--- DATA RECORDS ---

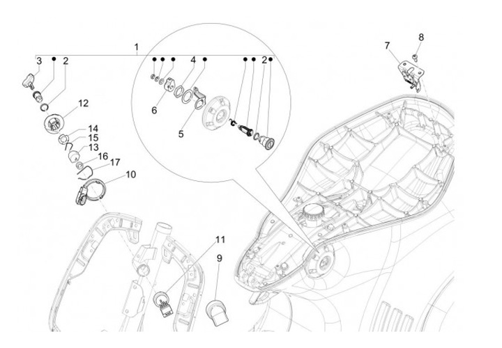 Karet kunci kontak -PIAGGIO- Vespa GT 250 (ZAPM45102), Vespa GT L 125 (ZAPM31101), Vespa GTS 125 (ZAPM31300), Vespa GTS 250 (ZAPM45100, ZAPM45101), Vespa GTS 300 (ZAPM45200, ZAPM45202), Vespa GTS Super 125 (ZAPM45300, ZAPM45301), Vespa GTS Super 300 (ZAPM
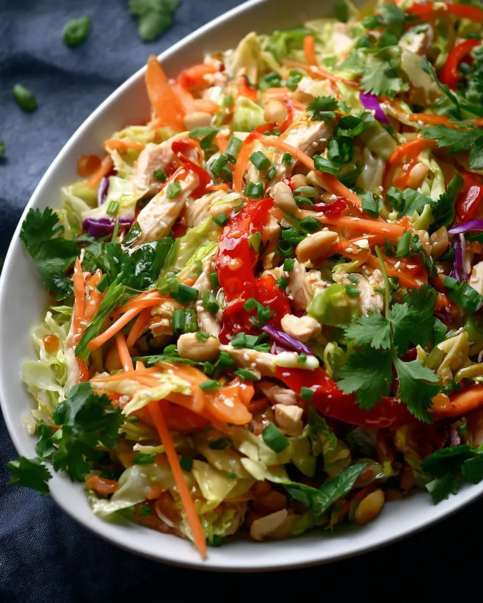 Your Chinese Chicken Salad is ready to enjoy! For the best taste and texture, serve it right away. The crisp veggies and tender chicken are best enjoyed fresh, making it a perfect light meal or a hearty side dish. If you're feeling adventurous, try serving it in lettuce wraps for a fun twist!
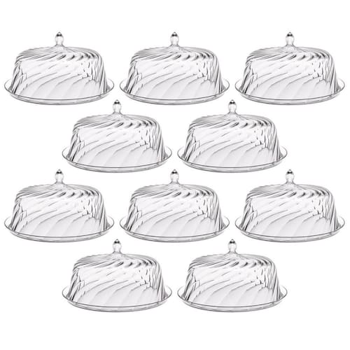 Conjunto 8 Porta Bolos Transparente com Cúpula 25cm Tortas Doces Padaria Hotel Crippa.
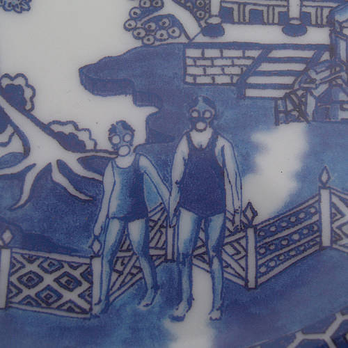 이건 지난 2012년에 런던 지하철 탄생 150주년을 기념해 낸 아프터눈 티용 3단 접시였습니다. 잘 보세요, 지하철이 막 지나가고, 육교가 있고, 역사驛舍가 있고 그럽니다. 다음은 지구와 환경 문제에 예민한 어느 까칠한 작가의 연작물. 골 때리게 재미있습니다. 자세히 들여다보세요.
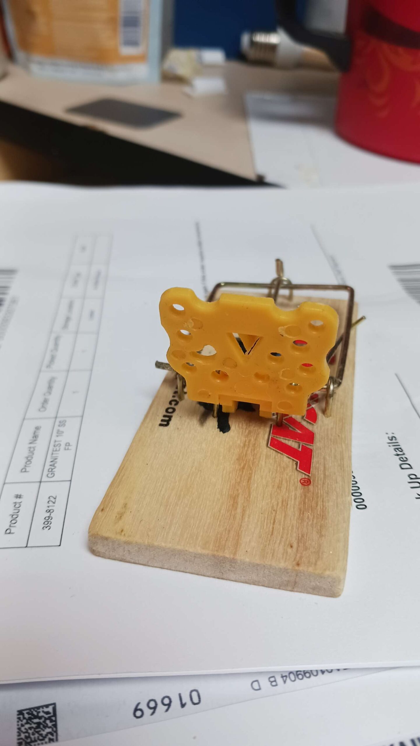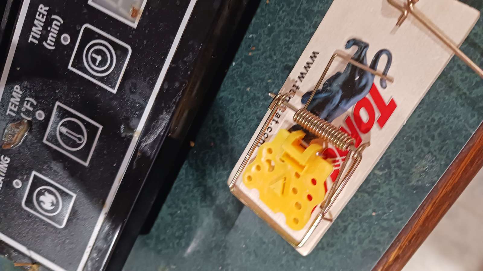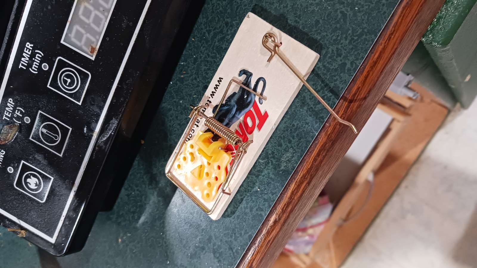 2 days later: got mouse in cheese trap in laundry room. notably, 80% of the cheese had been eaten, but he must have got greedy…
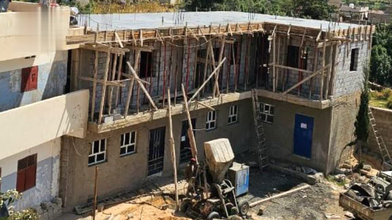 استكمال أعمال الصب الخرساني بمدرسة الشهيد الغماري في المحويت
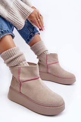 Dámské sněhové boty s zipem vyplněné kožešinou světle béžové Hixe

---

TASK DETAILS ::
In your copy of the records, include no pictures; repeat everything else exactly.

EXERCISE SOLUTION ::
 Karet kunci kontak -PIAGGIO- Vespa GT 250 (ZAPM45102), Vespa GT L 125 (ZAPM31101), Vespa GTS 125 (ZAPM31300), Vespa GTS 250 (ZAPM45100, ZAPM45101), Vespa GTS 300 (ZAPM45200, ZAPM45202), Vespa GTS Super 125 (ZAPM45300, ZAPM45301), Vespa GTS Super 300 (ZAPM
 Your Chinese Chicken Salad is ready to enjoy! For the best taste and texture, serve it right away. The crisp veggies and tender chicken are best enjoyed fresh, making it a perfect light meal or a hearty side dish. If you're feeling adventurous, try serving it in lettuce wraps for a fun twist!
 Conjunto 8 Porta Bolos Transparente com Cúpula 25cm Tortas Doces Padaria Hotel Crippa.
 이건 지난 2012년에 런던 지하철 탄생 150주년을 기념해 낸 아프터눈 티용 3단 접시였습니다. 잘 보세요, 지하철이 막 지나가고, 육교가 있고, 역사驛舍가 있고 그럽니다. 다음은 지구와 환경 문제에 예민한 어느 까칠한 작가의 연작물. 골 때리게 재미있습니다. 자세히 들여다보세요.
 2 days later: got mouse in cheese trap in laundry room. notably, 80% of the cheese had been eaten, but he must have got greedy…
 استكمال أعمال الصب الخرساني بمدرسة الشهيد الغماري في المحويت
 Dámské sněhové boty s zipem vyplněné kožešinou světle béžové Hixe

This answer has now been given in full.